**TASK OBJECTIVE:** In your copy, leave out all pictures and reproduce every entry exactly.

(Stored entries)
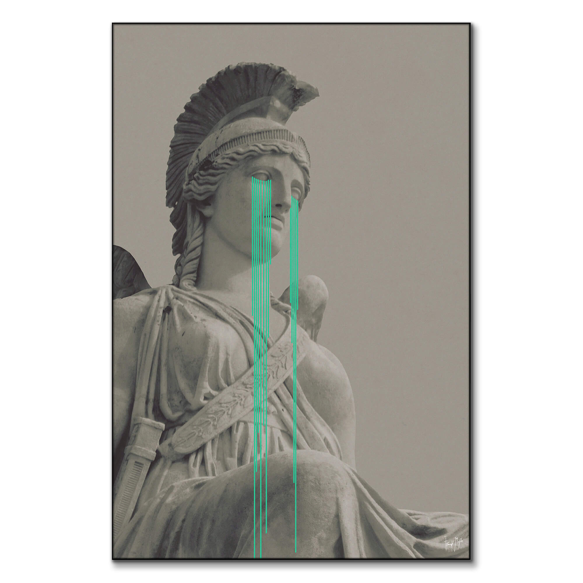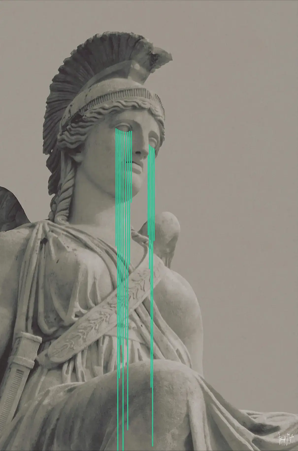 A timeless statue of a goddess is transformed through modern surrealism. Soft gray tones highlight the stone texture, while glowing turquoise lines cascade from the figure’s eyes in perfect symmetry. The blend of ancient form and digital light creates an arresting visual—minimal yet emotionally charged.
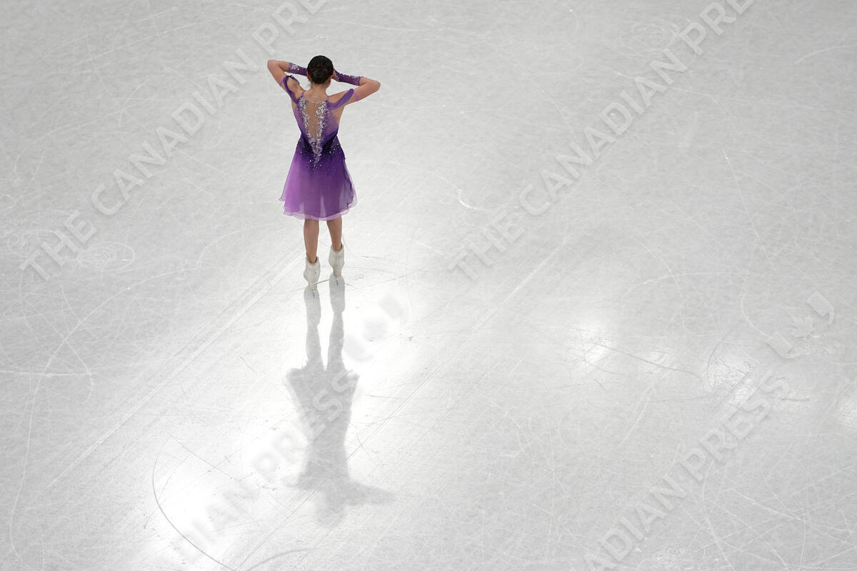 Kamila Valieva, of the Russian Olympic Committee, reacts after performing her routine in the women's short program during the figure skating at the 2022 Winter Olympics, Tuesday, Feb. 15, 2022, in Beijing. (AP Photo/Jeff Roberson)
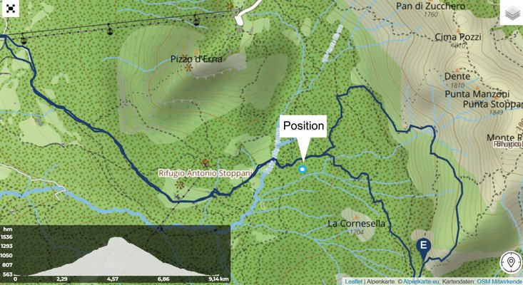 Deine GPS Position auf der Detailkarte, damit du deine Tour leichter findest und stets weißt, wo du dich auf der Tour befindest.
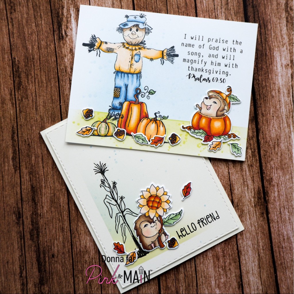 Love the scarecrow and hedgies! Very fun cards with pretty coloring!
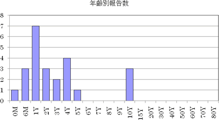 今シーズン(2010-2011)は、例年より早い11月初めから増加し始め、第46週に200件と急増、警報が発令され、第47週が238件とピークでした。年齢別では乳幼児と小学生での報告が中心ですが、おとなの報告もあります。集団生活の場での集団感染事例も発生しています。
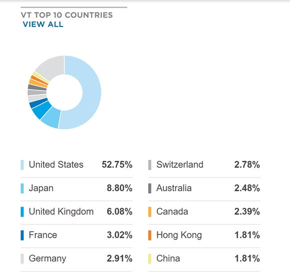 Como puede ver en los datos anteriores, al comprar una acción de VT, usted tiene exposición al mercado global con 7,279 compañías, en 47 países, a un costo de solo 0.14% de su inversión (Esto es US$0.14 centavos por cada US$100.00).
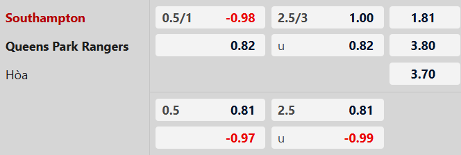 Thông tin tỷ lệ cược Southampton vs QPR:
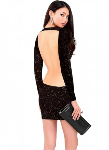 Generic - فستان سهرة قصير بتصميم جاكار مطبوع، أسود، مقاس واحد حتى 75 كجم، بأكمام طويلة وفتحات جانبية
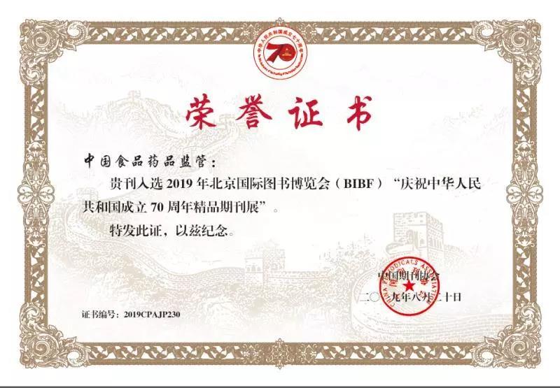 经资格审核和专家遴选,《中国食品药品监管》作为“新中国获奖期刊”入选“庆祝中华人民共和国成立70周年精品期刊展”。
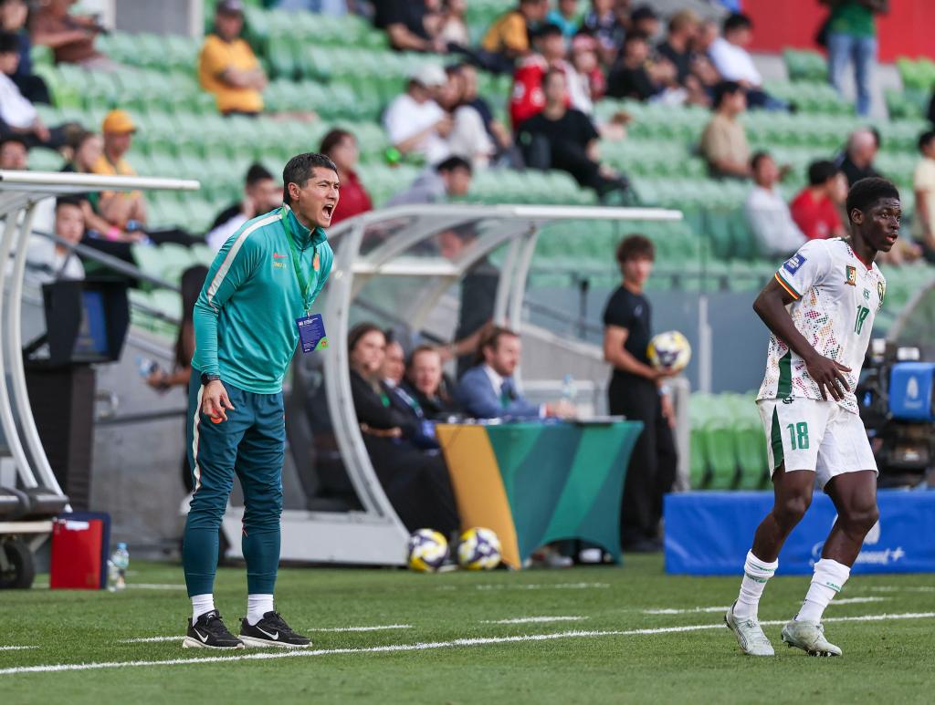 3月31日,中国队主教练邵佳一(左)在场边指挥。新华社发(舒泽林摄)
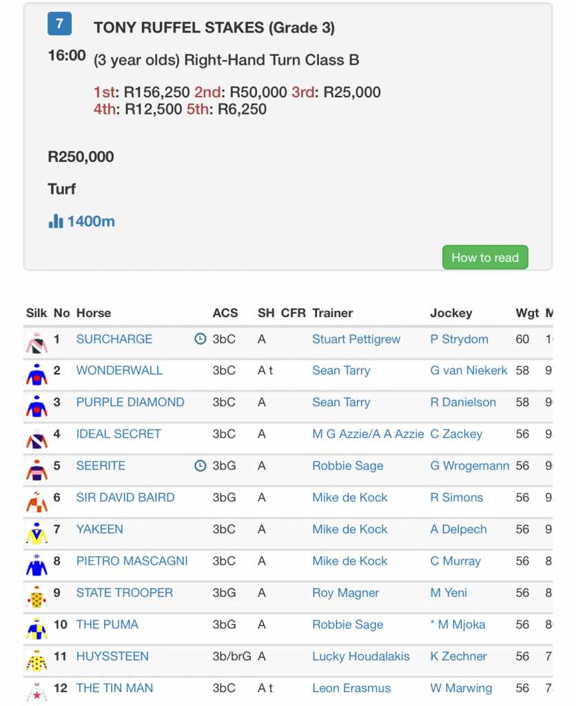 Re: Turffontein Saturday-Featuring the Tony Ruffel
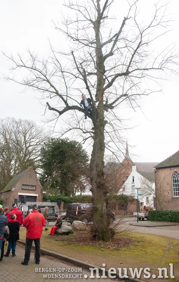Een van de kinderen die meeliep vertelde dat hij prins Zjim in de buurt van het pinapparaat bij het oude gemeentehuis had gezien dus daar ging de stoet nu heen en inderdaad, daar was prins Zjim. Alleen niet bij de pinautomaat maar hoog in de boom.
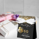 Un arrière - plan noir, décoré de ballons et de faux confettis d'or. Le numéro 50 est écrit avec une police de style ballon tendance, motif léopard. Personnalisez et ajoutez un nom et une date. 50e anniversaire et Merci écrit avec un script de style moderne écrit à la main.
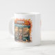 Warm autumn café storefront with vibrant orange leaves, books visible through the window, outdoor chairs and a cat sitting by the entrance. A charming seasonal mug for book lovers, teachers, students, and fans of cozy fall reading culture

**SOLUTION TO THIS EXERCISE:**
 A timeless statue of a goddess is transformed through modern surrealism. Soft gray tones highlight the stone texture, while glowing turquoise lines cascade from the figure’s eyes in perfect symmetry. The blend of ancient form and digital light creates an arresting visual—minimal yet emotionally charged.
 Kamila Valieva, of the Russian Olympic Committee, reacts after performing her routine in the women's short program during the figure skating at the 2022 Winter Olympics, Tuesday, Feb. 15, 2022, in Beijing. (AP Photo/Jeff Roberson)
 Deine GPS Position auf der Detailkarte, damit du deine Tour leichter findest und stets weißt, wo du dich auf der Tour befindest.
 Love the scarecrow and hedgies! Very fun cards with pretty coloring!
 今シーズン(2010-2011)は、例年より早い11月初めから増加し始め、第46週に200件と急増、警報が発令され、第47週が238件とピークでした。年齢別では乳幼児と小学生での報告が中心ですが、おとなの報告もあります。集団生活の場での集団感染事例も発生しています。
 Como puede ver en los datos anteriores, al comprar una acción de VT, usted tiene exposición al mercado global con 7,279 compañías, en 47 países, a un costo de solo 0.14% de su inversión (Esto es US$0.14 centavos por cada US$100.00).
 Thông tin tỷ lệ cược Southampton vs QPR:
 Generic - فستان سهرة قصير بتصميم جاكار مطبوع، أسود، مقاس واحد حتى 75 كجم، بأكمام طويلة وفتحات جانبية
 经资格审核和专家遴选,《中国食品药品监管》作为“新中国获奖期刊”入选“庆祝中华人民共和国成立70周年精品期刊展”。
 3月31日,中国队主教练邵佳一(左)在场边指挥。新华社发(舒泽林摄)
 Re: Turffontein Saturday-Featuring the Tony Ruffel
Een van de kinderen die meeliep vertelde dat hij prins Zjim in de buurt van het pinapparaat bij het oude gemeentehuis had gezien dus daar ging de stoet nu heen en inderdaad, daar was prins Zjim. Alleen niet bij de pinautomaat maar hoog in de boom.
 Un arrière - plan noir, décoré de ballons et de faux confettis d'or. Le numéro 50 est écrit avec une police de style ballon tendance, motif léopard. Personnalisez et ajoutez un nom et une date. 50e anniversaire et Merci écrit avec un script de style moderne écrit à la main.
 Warm autumn café storefront with vibrant orange leaves, books visible through the window, outdoor chairs and a cat sitting by the entrance. A charming seasonal mug for book lovers, teachers, students, and fans of cozy fall reading culture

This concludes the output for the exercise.